Guilt is widely believed to be a feature of the dog’s emotional life. Owners often describe their dogs as looking “guilty” if they return home to find that the dog has done something it isn’t allowed to do when they are at home. This could be something as simple as sleeping on the sofa or something more serious, such as chewing one of the owner’s shoes. In order to feel guilty, a dog would have to have some mental representation of what it is and is not allowed to do—which seems reasonable. But it would then have to compare this with what it has actually done over the past few hours, while the owner was away. This seems more problematic, as the dog would need to recall not only the events in question but also their social context (i.e., owner not there). Biologists are fairly sure that dogs do not have the mental capacity to understand the impact of social context on their own actions; if they were, they should be capable of, for example, deception. Biologists are even less sure that dogs can recall the specific contexts in which individual events occurred, after the events themselves had ended. At present, then, there has to be considerable doubt about whether dogs can actually experience an emotion similar to our “guilt,” since it is doubtful that they have all the cognitive abilities necessary.
However, let us for a moment give dogs the benefit of the (cons
iderable) doubt and assume that they can feel guilt. In order for dogs to communicate that guilty feeling, they would have to behave in some specific way that unequivocally signaled that feeling to their owners, before the owners became aware that the dogs had done something to feel guilty about. Although dogs could conceivably learn some specific piece of behavior that would convey this message, it’s very difficult to surmise why such an ability might have evolved. Would it be sensible for a young wolf to walk up to its father and confess that it had eaten the best piece of meat of a kill while his back was turned? Unlikely. However, let’s entertain for a moment the possibility that this is one of the cognitive abilities that dogs are supposed to have gained during the course of domestication. What happens after a dog signals its “guilt”? Most likely, it will be punished by its owner. Why would a dog learn a social signal that immediately triggers punishment? The punishment should inhibit the performance of the signal, not promote it.

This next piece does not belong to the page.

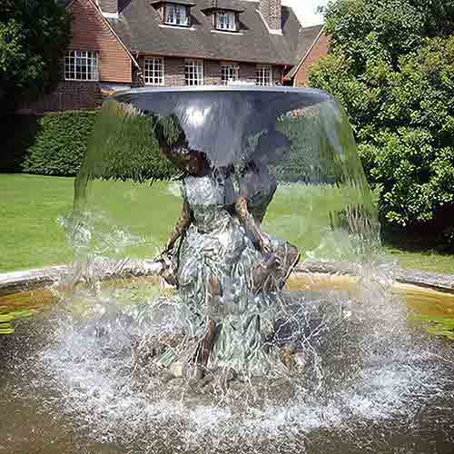 This fountain showcases three enchanting Figures standing gracefully in the centre of the fountain, supporting a bowl above them that fills and cascades water over its edges

Thus it is probably not surprising that, in a study examining the kinds of behavior that dog owners took as evidence of guilt in their pets,5 all that the scientist found were signs of fear or affection. Owners were asked to describe what their dogs did that made them believe the dogs were feeling guilty. They came up with a long list of behaviors, including avoiding eye contact, lying down and rolling over, dropping the tail, rapidly wagging the tail in this lowered position, holding the head and/or ears down, moving away, raising a paw, licking, and so on. But all of these behaviors are evident in other situations too—some associated with fear, some with anxiety, and some with affection. None could reasonably be claimed as diagnostic of “guilt.”